To know whether the observed number of switches is surprising given the assumptions of our model (*represented* by its predictions), we can count the number of replications that lead to a greater number of switches than the number of switches \(T(y)\) in the observed data.

`sum(Trep > Ty)`

`## [1] 9927`

Or we can compute a Bayesian *p*-value as (Gelman et al., 2013, page 146):

\[p_{B} = \text{Pr}(T(y^{rep}, \theta) \geq T(y, \theta) | y)\]

`1 - sum(Trep > Ty) / nsims # equivalent to sum(Trep <= Ty) / nsims`

`## [1] 0.0073`

Which gives the probability of observing this number of switches under our model. What does it mean ? Does it mean that our model is *wrong* ? Well, not exactly. Models are neither right or wrong (see Crane & Martin, 2018). But our model does not seem to capture the full story, it does not seem to give a good representation of the process that generated our data (which is arguably one of the characteristics that contribute to the *soundness* of a model).

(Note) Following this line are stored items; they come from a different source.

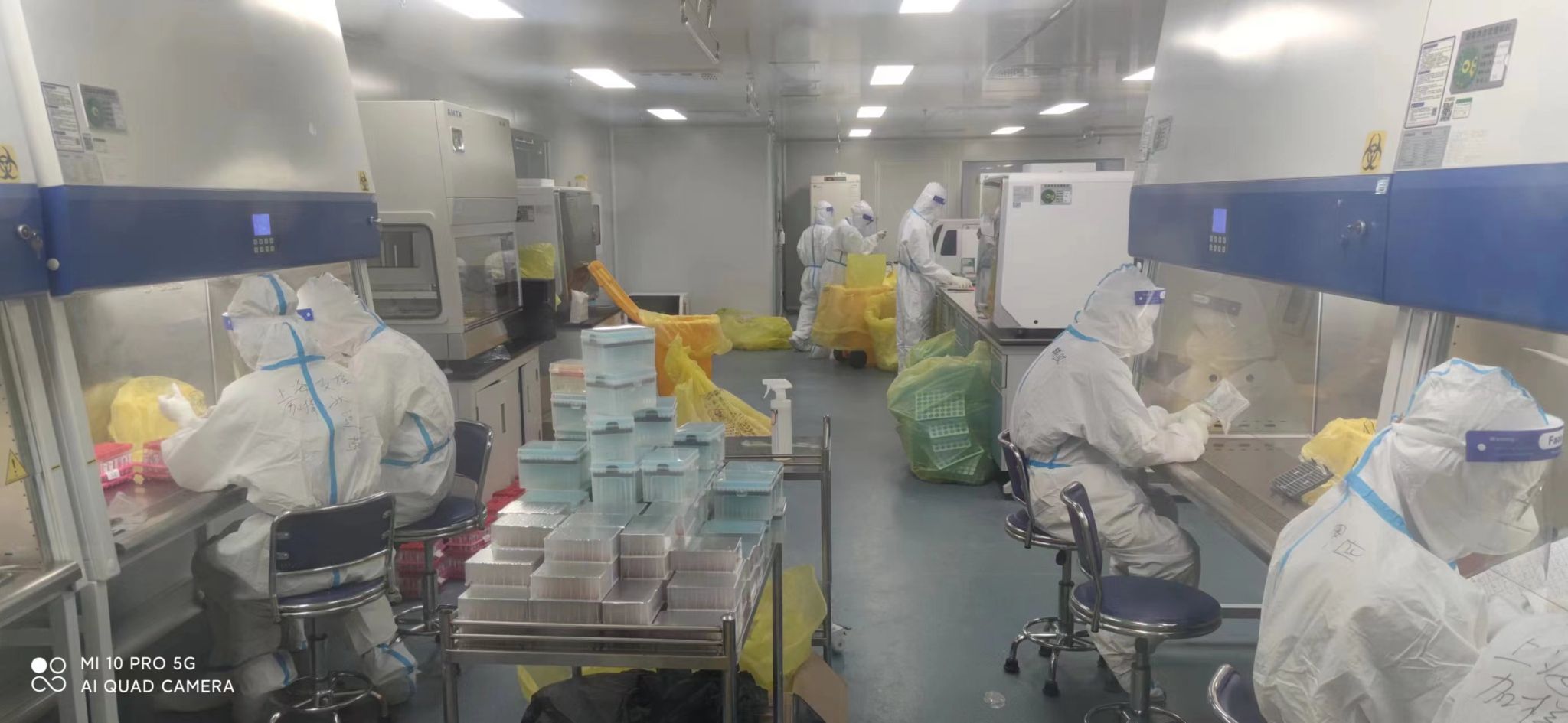 为了在最快的时间内能够出具检测报告,检验人员们在实验室里一坐就是六七个小时,常常是只有吃饭的时间出来透口气,又接着去工作。工作期间要穿着全套防护服,佩戴N95口罩、护目镜与防飞沫面屏。接收标本、分拆包装、编号、摆管、信息核对、准确录入、合理分组、试剂分杯、开盖加样、摆板提取、上机扩增……一道道流程有条不紊,规范有序。这既是一项技术活,也是一项体力活,一个班下来,大拇指磨得通红,长时间重复同样的操作,双臂僵硬酸痛。再加上术后的不适,张天蔚防护服里的衣服早已被汗水浸湿。“第一次去实验室,弄到凌晨三点多出来,但是工作时高度紧张,好像也不觉得疼了。”张天蔚回想起支援核酸检测的第一天,却表述得云淡风轻。
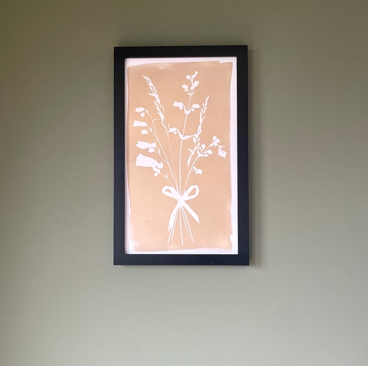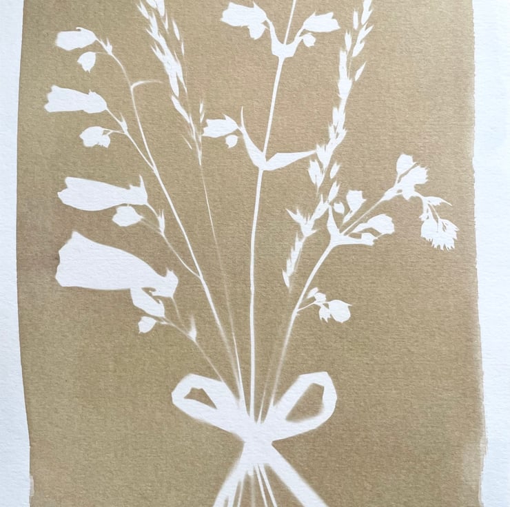 An original cyanotype showing the detail and beauty of Penstemon flowers contrasted to elegant grasses and tied with a simple bow. This beauty of nature is here to be enjoyed and valued as an everlasting bouquet.
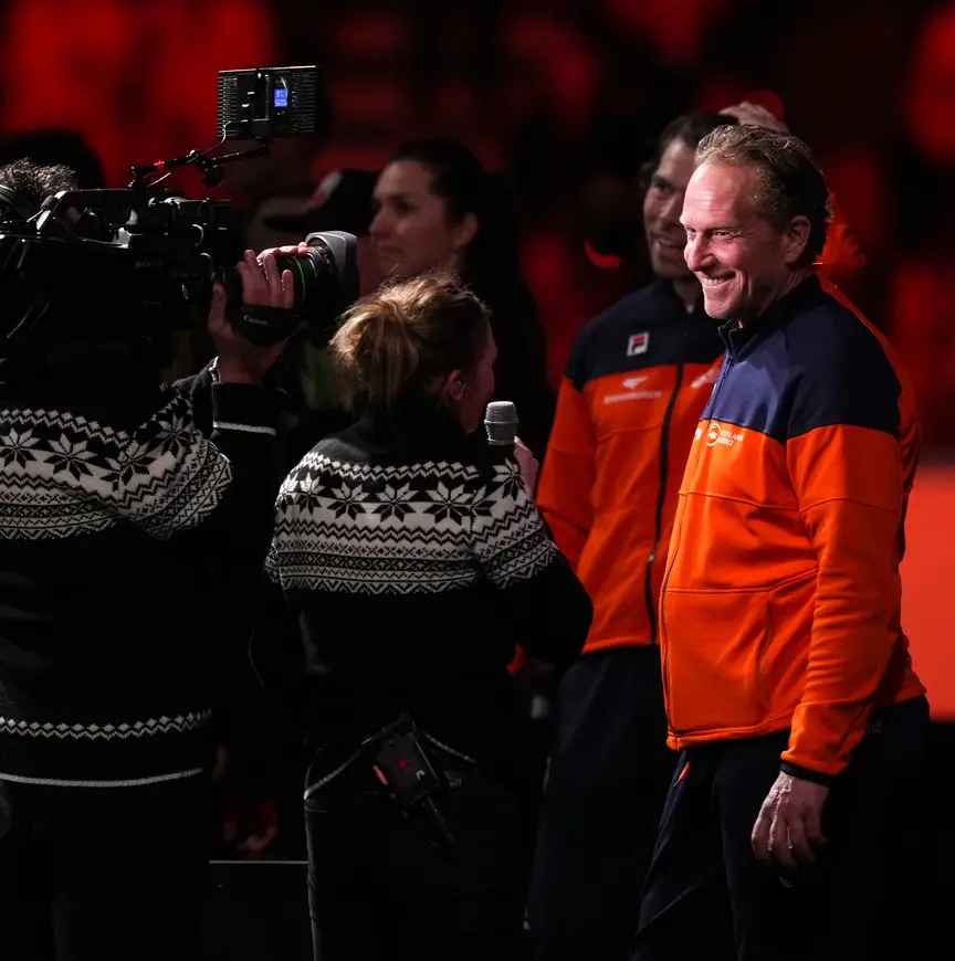 Gelukkig hoefde hij niet de rest van de vrijdagavond over het verschoven sokje van Joy Beune en de daaropvolgende diskwalificatie te praten. Na de tranenregen die het verlies van goud voor de achtervolgingsvrouwen veroorzaakte, had Rintje Ritsma ook weer reden om de strakke blik op zijn gezicht in te wisselen voor de grijns van een kampioen. Zijn mannen Patrick Roest, Marcel Bosker en Beau Snellink verjoegen het chagrijn met de wereldtitel. De Friese baas liet er bescheiden bij optekenen dat zijn aandeel niet zo groot was. “Ik zet slechts de poppetjes op hun plaats. Voor de uitslag zorgen de rijders en rijdsters. Ik ben niet belangrijk”, sprak hij op rustige toon in zijn nabeschouwing op de altijd intrigerende teamwedstrijd.

More precisely, it misses the point that the probabilities of successive participants being present are not independent. This, in our case, seems to be due to temporal fluctuations of this probability throughout the day. For instance, the probability of a participant being present seems to be the lowest early in the morning or late in the afternoon, as well as between 12am and 2pm. This temporal dependency could be better taken into account by using gaussian process regression models, that generalise the varying effect strategy of multilevel models to continuous variables. In other words, it would allow to take into account that participants coming to the lab at similar hours (e.g., 9am and 9.30am) are more similar (in their probability of being present) than participants coming at very different hours (e.g., 9am and 3pm).

## Conclusions

In this post we aimed to introduce the idea of posterior predictive checking by recycling an elegant and simple example from Gelman et al. (2013). It should be noted however that this kind of check can be done for any test quantity of interest (e.g., the mean or the max of a distribution, or its dispersion).

As put by Gelman et al. (2013, page 148), “because a probability model can fail to reflect the process that generated the data in any number of ways, posterior predictive *p*-values can be computed for a variety of test quantities in order to evaluate more than one possible model failure”.

So come on, let’s make *p*-values great again, they are not doomed to be used only as a point-null hypothesis test.

## References

## Click to expand

Crane, H., & Martin, R. (2018, January 10). Is statistics meeting the needs of science?. Retrieved from psyarxiv.com/q2s5m

Gelman, A., Carlin, J. B., Stern, H. S., Dunson, D. B., Vehtari, A., & Rubin, D. B. (2013). Bayesian Data Analysis, Third Edition. CRC Press.